Ильин пошел гораздо дальше Толстого в разработке соотношения волевого воздействия на других и насилия. Для этого ему потребовалась специальная понятийная и лексическая (терминологическая) проработка этой проблематики, на основе которой стали возможны существенно более тонкие дистинкции. Самым широким видом волевого воздействия, по Ильину, является заставление. Посредством его человека вынуждают сделать что-либо или же пресекают его деятельность. Заставление приходится использовать тогда, когда обращение к духовному видению, то есть прояснению истинного положения вещей, или любовному приятию не дает ожидаемых результатов. Если никакие уговоры и убеждения не срабатывают, остается обращение к волевой силе. Воздействие такого рода на мотивы поведения представляет собой психическое заставление, а непосредственно на человеческое тело - заставление физическое. Заставление может быть направлено как на других, так и на себя. Психическое заставление, или понуждение заключается в стремлении пробудить посредством внешних средств само-мотивацию личности. Физическое самозаставление Ильин обозначал термином "принуждение".

Целью любого заставления является совершение другим лицом или самим собою каких-либо поступков. Другое лицо может совершить требуемые поступки, но они зачастую не могут быть рассмотрены как подлинные деяния, так как подлинность поступка определяется самостоятельностью действий и суверенностью мотивов. Физическое принуждение, считал Ильин, не способно заставить человека совершить такой поступок. Оно только может помешать совершению злодеяния, не дать злой воле вылиться в злой поступок. Поэтому для обозначения физического заставления других Ильин использовал термин "физическое понуждение". Целью любой принудительной изоляции преступника остается изменение его души, чтобы она свободно, независимо от кого-либо не желала творить зло.

Ильин прекрасно понимал ограниченность любого волевого воздействия на человека. Воля не может породить любовь и веру. Запрет, принуждение, угроза и страх могут вынудить человека только к лицемерной "любви" и лицемерной "вере". Он указывал на необходимость осознания того, что внешнее давление может вызвать только внешнее подчинение. И без личного включения понуждаемого никак нельзя подействовать на его духовные силы. Высшая же, духовная сила властвует над низшей и может либо вызвать ее к жизни, либо остановить изнутри. Внешняя сила физического принуждения и сила духа - абсолютно гетерогенны, чужеродны друг другу. Это разные силы и принадлежат они разным сферам.

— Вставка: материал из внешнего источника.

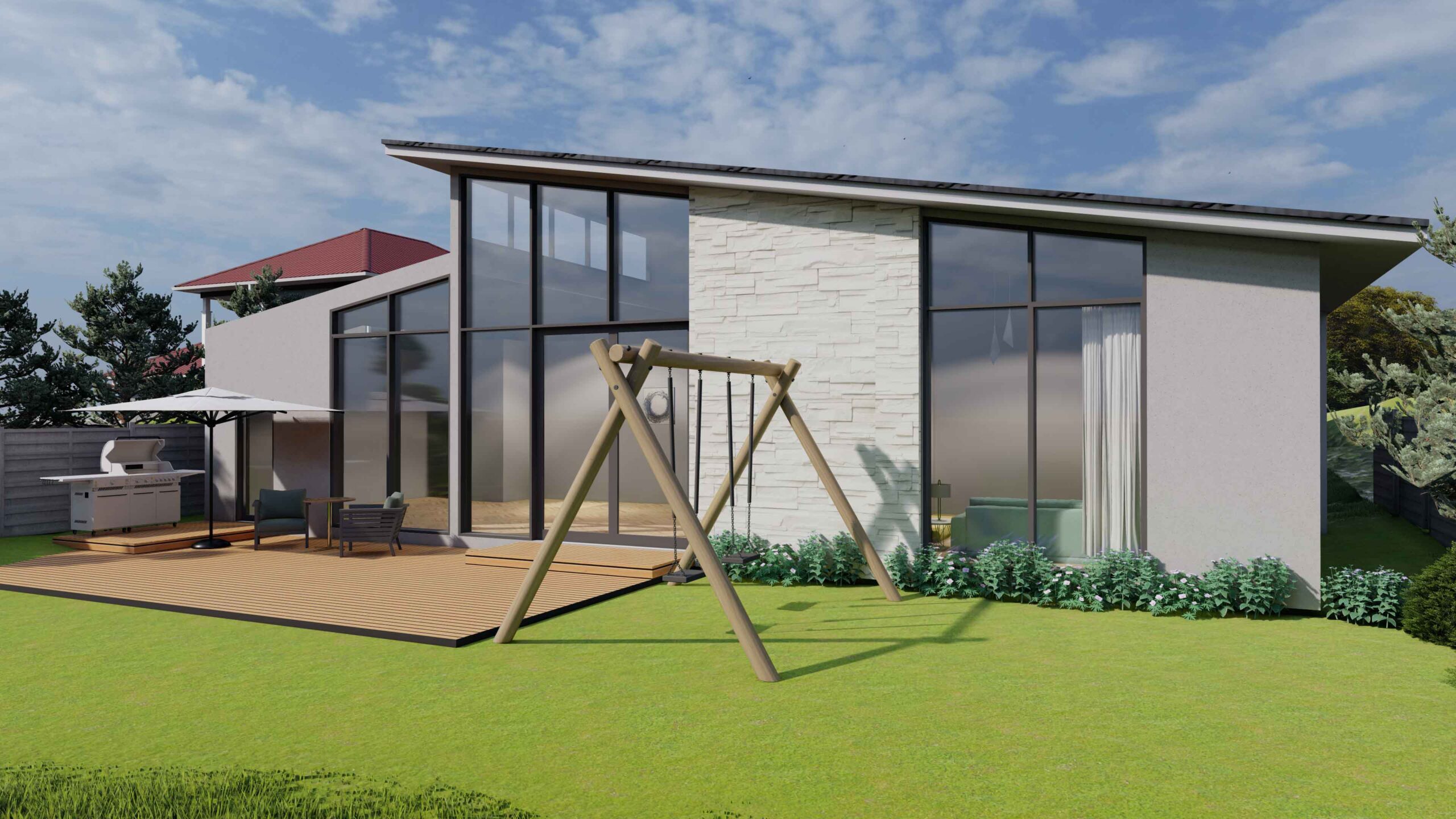 To capitalize on the Northern exposure, the living and dining area features an angled roof design that optimizes the penetration of natural light. Moreover, the full-height windows on the rear elevation foster a seamless connection between the interior and the private garden. These design interventions aim to create a relaxed and inviting environment that caters to the needs of the family.

Такого же мнения придерживался и В.С.Соловьев, считавший, что духовные цели (а именно внутреннее расположение нашей воли к добру самому по себе и осознание истины, то есть внутреннее согласие нашего ума с истиной) никак не могут быть достигнуты внешним заставлением. Последней, крайней формой волевого воздействия на человека является физическое пресечение, которое в крайней своей форме может заключаться и в физическом устранении злодея или казни преступника.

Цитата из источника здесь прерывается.